Birbirlerini kendi mıntıkalarında dilenmekle suçlayarak kentin en işlek caddesinde saç saça baş başa birbirlerine giren bayanları etraftakiler ayırmaya çalıştı. Caddeden geçen insanların şaşkın bakışları ortasında hengame etmeye devam eden dilencilerin hengamesi güvenlik kameralarına saniye saniye yansıdı.
Boğazına jilet dayadı
“Türkiye’mizin yüz karası olan dilencilerden gına geldi”
“Dilenciler turistlerden para alamayınca şiddet uyguluyor”

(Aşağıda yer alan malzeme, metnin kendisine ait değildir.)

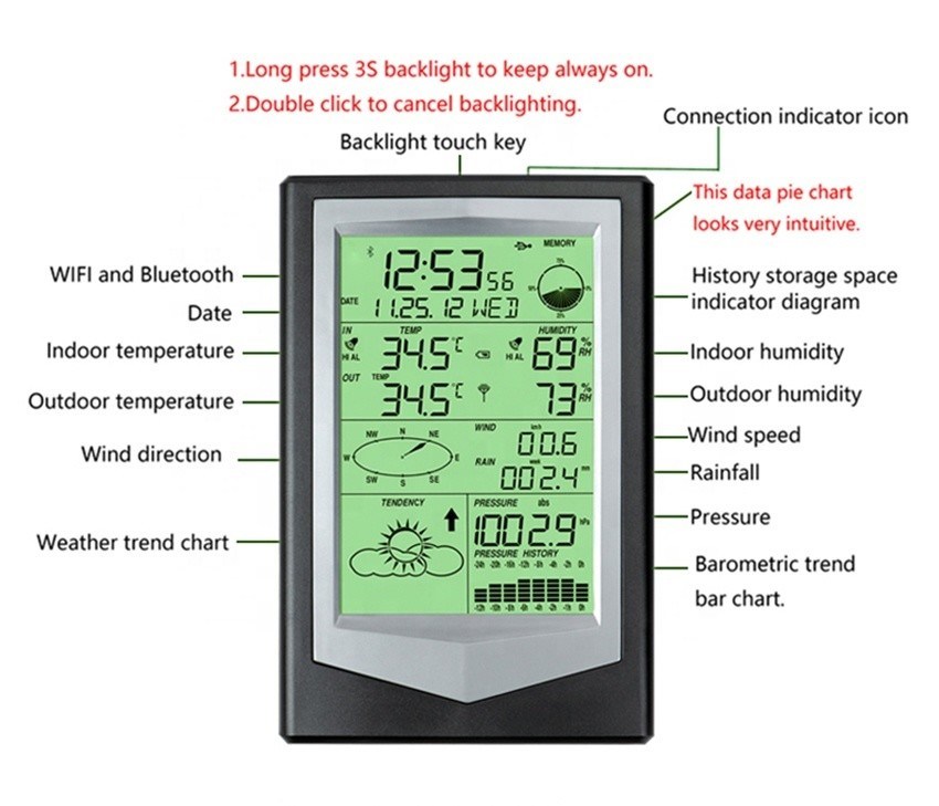 สถานีอากาศหลายฟังก์ชัน 18.9*12.5*2.7 ซม. วิดีโอ
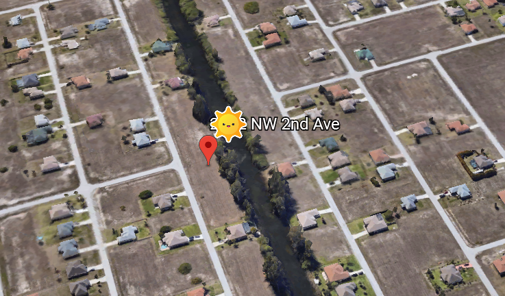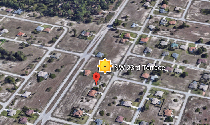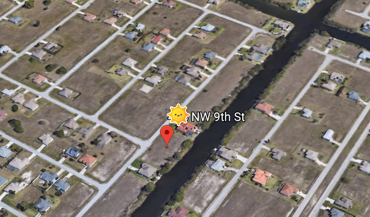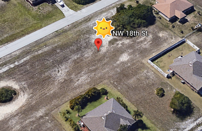 Terrain plat à Cape Coral, 1000m² constructible, zone de constructions récentes.
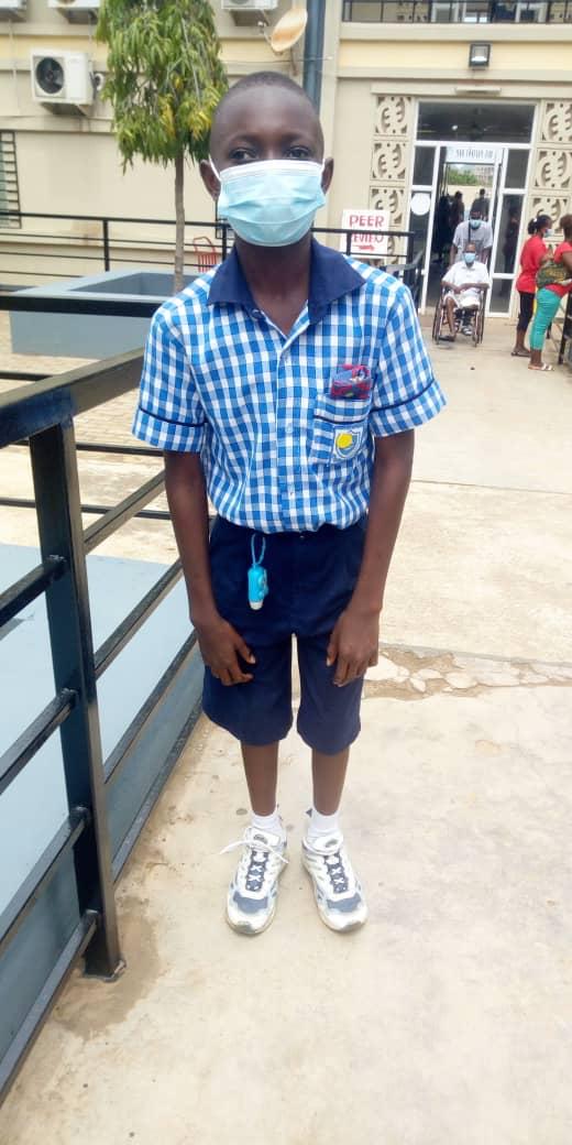 Evans ist jetzt in der Schule und dies ist sein zweites akademisches Semester, seit er im Januar 2022 die Schule wieder aufgenommen hat. Die Schule heißt HUDSON BAY MONTESORRI ACADEMY und befindet sich in Teshie, etwa 7 Minuten Fußweg von Evans Wohnort entfernt. Die unmittelbare Nähe der Schule ist ideal für ihn, damit er seine Beine regelmäßig zur Schule bewegen kann, wie von Dr. Arthur Sackeyfio vom Focos Hospital und Dr. Emmanuel vom Lekma Hospital empfohlen. Das regelmäßige Gehen zur Schule wird seine Muskeln stärken, so dass er wieder schmerzfrei und unabhängig gehen kann und ein Gleichgewicht der Gelassenheit erreicht.

Taksim’de 30 yıldır esnaflık yaptıklarını söyleyen Yusuf Atalay da dilenci ve sokak satıcılarının ülke imajını son derece olumsuz bir formda etkilediğini lisana getirdi. Atalay, “Taksim’de 30 yıllık esnafız, dilenciler bizim kanayan büyük yaramız. Ülkemiz ismine güzel olmayan imgeler oluşturuyorlar. Dilenciler ve sokak satıcıları insanları, bilhassa turistleri çok rahatsız ediyor. Buna hoş bir tedbir alınması gerekiyor zira Türkiye’ye gelen turistlerin birçoğu Taksim’e uğruyor ve bizleri buradaki varlığımızla tanıyorlar. Bu yüzden, Taksim’in esnafı, vatandaşları ve bütün kolluk vazifelileri olarak buraya gelenlere sevgi ve muhabbet göstermemiz gerekir ve bunu da yapıyoruz. Lakin dilenciler ve sokak satıcıları insanları çok rahatsız ediyor. Buna iyi ve önemli bir halde tedbir alınması gerekiyor. Bu dilenciler turistlerden para istediklerinde alamayınca şiddet uyguluyor, turistleri esnafın dükkanına kadar kovalıyorlar. Biz müdahale edersek biz de şiddete maruz kalıyor, zorluk yaşıyoruz. Birebir vakitte bunlar bir şebeke, şirket gibiler. Birine bir şey verince hepsi bir anda etrafında toplanıyorlar” diyerek daha somut adımlar atılması tarafında yetkililerden istekte bulundu.